Boss Women Month: Colorado Salutes Its Leading Ladies

There is Women’s History Month and International Women’s Day (Both of which land in March) and now we have Women’s Canna-month. DOPE Magazine had the sincere privilege of speaking with Wanda James who has been named one of the 50 Most Important Women in the Cannabis Industry by Cannabis Business Executive. As the CEO of Simply Pure Dispensary, Wanda became the first African American, legally licensed individual to own a dispensary, grow facility and edible company (with her husband). As the Founder and Managing Partner of the Cannabis Global Initiative (CGI), she has declared August to be Women’s Canna-month! And who are we to argue with such a boss woman.

“The thought came to me after going to an event and seeing all of these women that I know that own businesses. They’re rock stars,” James explains. Utilizing the very appropriate hashtag #BossWomen, James has launched a full-fledged campaign to showcase the monumental contributions that women make to the flourishing cannabis industry. The fourteen highlighted women-owned cannabis companies pull in a combined staggering monthly sales revenue of $1,149,839.

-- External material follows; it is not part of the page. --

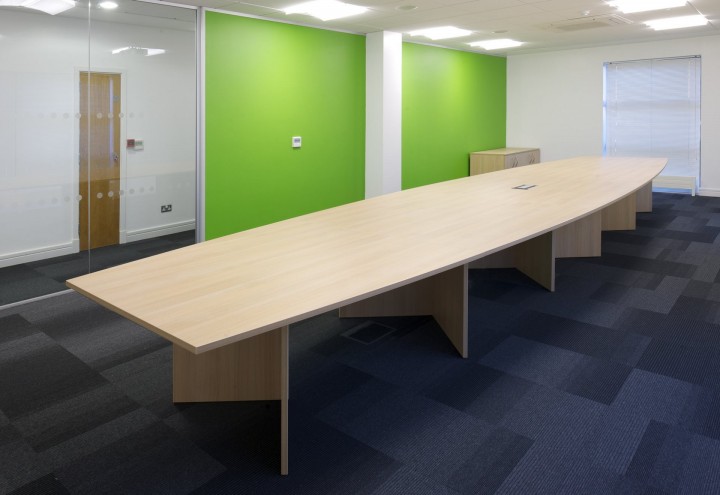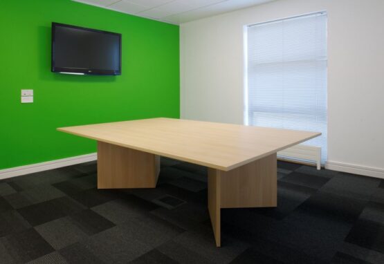 The Margolis Charteris Meeting Table design principle is adapted to many different sizes and shapes of table top, and is supplied in either melamine, or for classic quality, book-matched veneer – including inlay and crossbanding options for veneers. The arrowhead base is adapted to an X- or H-section for smaller coffee tables.
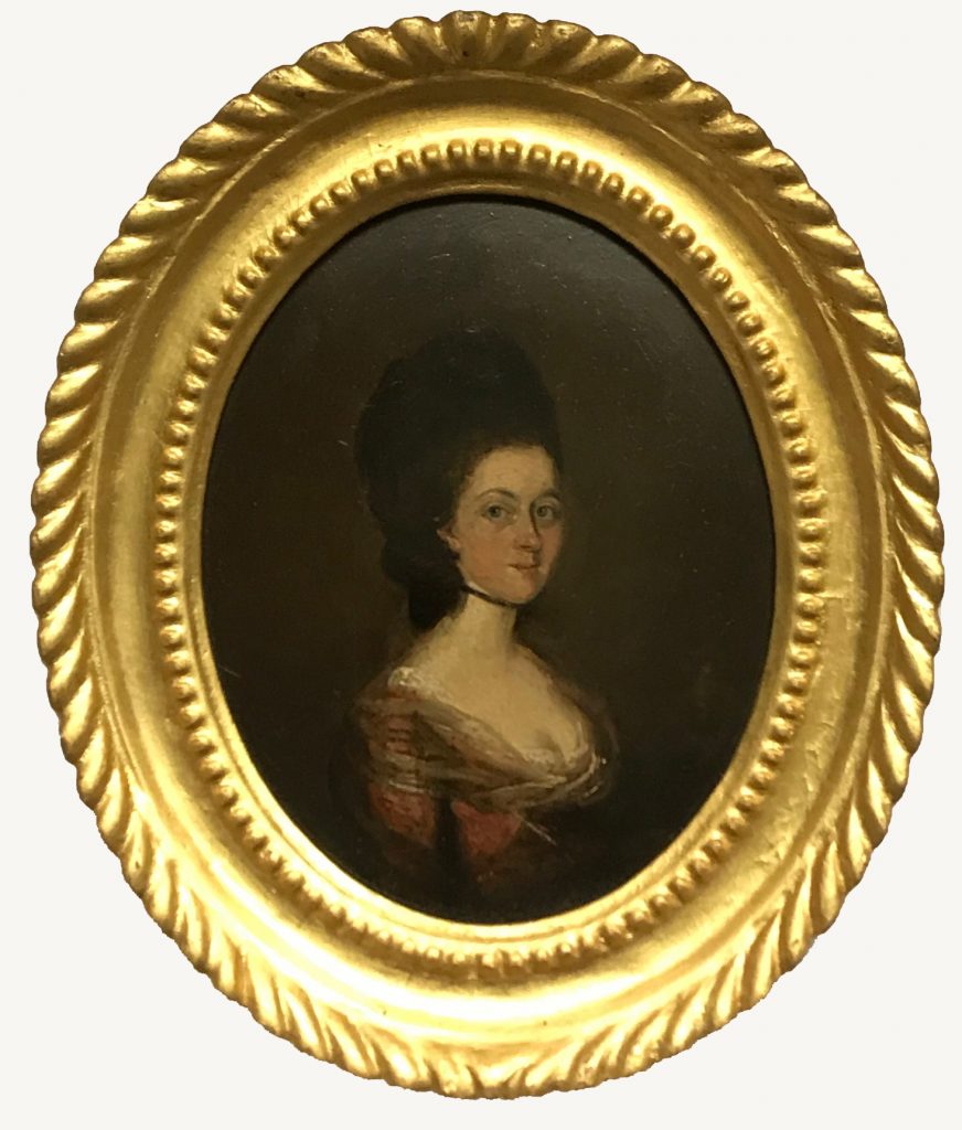 The portrait is painted in oil on convex metal, probably tin, and is set in a gilt wood frame with a piecrust edge and inner beaded border. The portrait has minor spots of in-painting to the background but is otherwise fine. The frame has been re-gilded so is rather shiny.

“It’s amazing what they do. We have a woman who does cannabis training—it prepares women for public speaking. In this industry we’re constantly having to change the hearts and minds of people—we have got to be ready to speak at a moment’s notice so we’re being trained for that.” James cheers with obvious admiration for her fellow female canna-business owners, and she is not alone in these sentiments.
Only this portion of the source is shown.